CVE-2009-0563

What is Microsoft Office Word?

Microsoft Word is the world's most widely used word processing application, part of the Microsoft Office suite. The binary .DOC format — a complex structured binary file format — was the dominant document exchange format for two decades. Word's document parser handles thousands of record types, object embeddings, and formatting tags, each representing a potential source of memory safety issues. Malicious .DOC files delivered as email attachments became one of the most reliable initial access vectors in targeted attacks during the 2005–2012 era, exploiting the combination of Word's ubiquity and its complex binary parser.

Overview

CVE-2009-0563 is a high-severity buffer overflow vulnerability (CWE-787, CVSS 7.8) in Microsoft Office Word. A Word document containing a crafted tag with an invalid length field triggers an out-of-bounds write during parsing, allowing arbitrary code execution when the document is opened. Patched in Microsoft Security Bulletin MS09-027 (June 2009 Patch Tuesday). CISA added to KEV in June 2022.

Affected Versions

Technical Details

The vulnerability (CWE-787: Out-of-Bounds Write) exists in Word's binary .DOC file parser. The .DOC format contains various structural elements — paragraphs, styles, objects — represented as tagged records with associated data. Each tag has a length field indicating how many bytes of data follow.

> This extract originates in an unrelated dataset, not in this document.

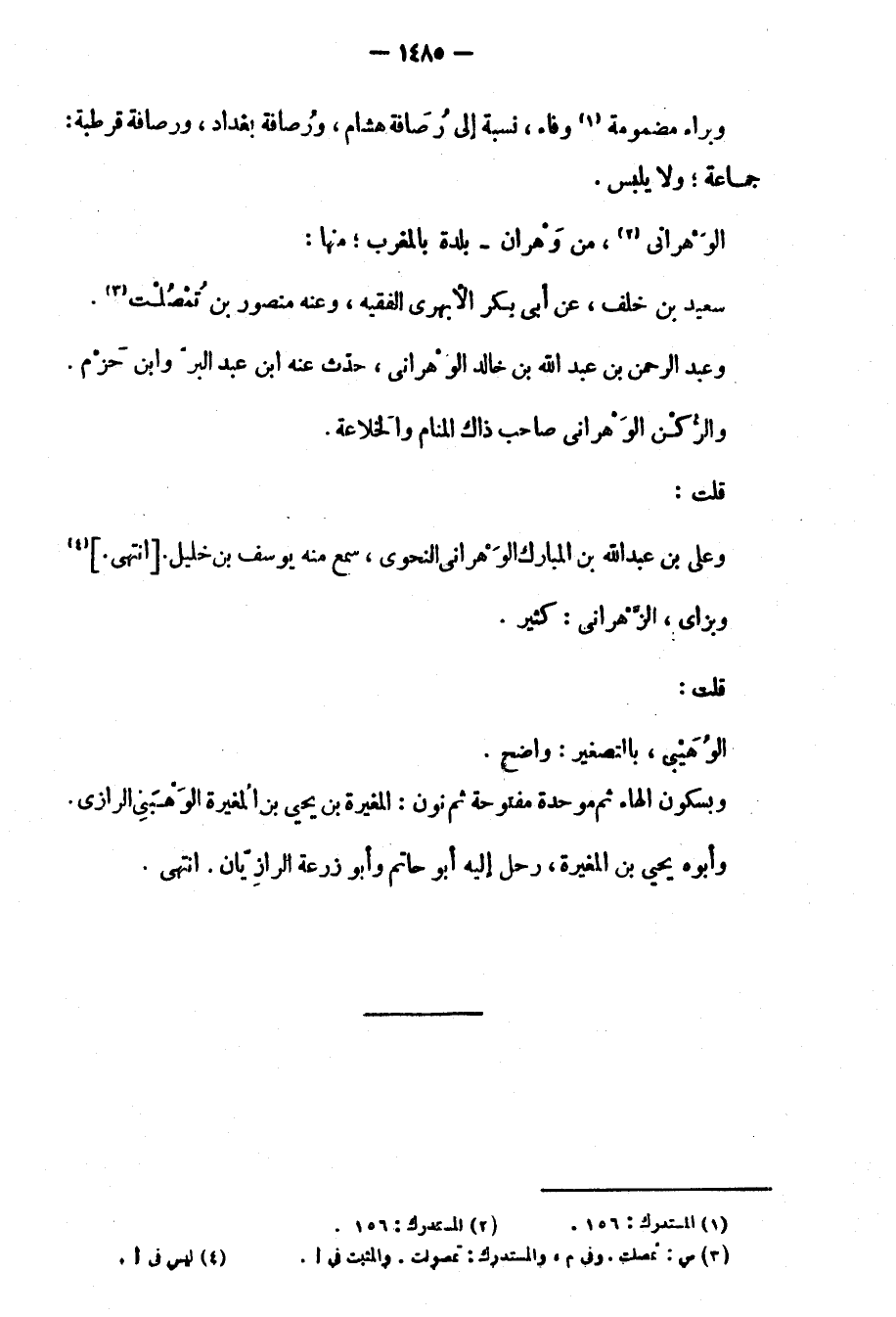 وبسكون الهاء ثم موحدة مفتوحة ثم نون: المغيرة بن يحيى بن الوهبني الرازي.

In the vulnerable code path, Word reads a tag's length field from the document and uses it to guide a memory copy or read operation. A crafted document containing a tag with an invalid (overly large) length field causes Word to:

1. Allocate a buffer based on expected data
2. Copy more data than the buffer can hold, writing beyond the buffer's end (out-of-bounds write)
3. Corrupt adjacent heap memory, potentially overwriting allocator metadata, function pointers, or other heap objects

Through heap spraying — filling memory with NOP sleds and shellcode before triggering the overflow — an attacker can achieve reliable code execution in the context of the user running Word.

Discovery

Identified through security research into Word's binary format parser and reported to Microsoft. MS09-027 addressed this alongside other Word parsing vulnerabilities, part of the systematic security review of Microsoft Office binary format parsers that intensified after high-profile exploitation incidents in 2006–2008.

Exploitation Context

Word document vulnerabilities were heavily exploited throughout the late 2000s and early 2010s:

• Operation Aurora and contemporaneous APT campaigns: The 2008–2010 period saw extensive use of malicious Word documents in state-sponsored espionage campaigns. Attackers sent carefully crafted documents tailored to their targets — fake briefings, reports, or communications appearing to come from trusted sources.
• Targeted corporate intrusions: Law firms, financial institutions, defense contractors, and government agencies received malicious .DOC files as part of sophisticated spear phishing campaigns.
• PrintNightmare era context: Word binary format vulnerabilities were part of the same class of document malware that persisted through the 2010s; the pattern of exploiting Office parsers remained consistent even as specific CVEs changed.
• June 2022 KEV batch: CISA added this and other legacy Office vulnerabilities together, reflecting a sustained pattern of legacy Office exploitation in current attack activity.

Remediation

1. Apply MS09-027: Install the June 2009 Patch Tuesday security update for all affected Office versions.
2. Upgrade off end-of-life Office: Office 2003 and earlier receive no security support. Upgrade to Microsoft 365 or a current Office version.
3. Enable Protected View: Ensure Protected View is enabled for files from the internet and email sources — it opens files in a sandboxed read-only mode that prevents exploit execution.
4. Block legacy .DOC at the email gateway: If binary .DOC files are not required, block them at the email gateway and require .DOCX (Open XML format) which has a much smaller parser attack surface.
5. Deploy Attack Surface Reduction rules: Microsoft Defender Attack Surface Reduction (ASR) rules can block code execution from Office documents even if a vulnerability exists.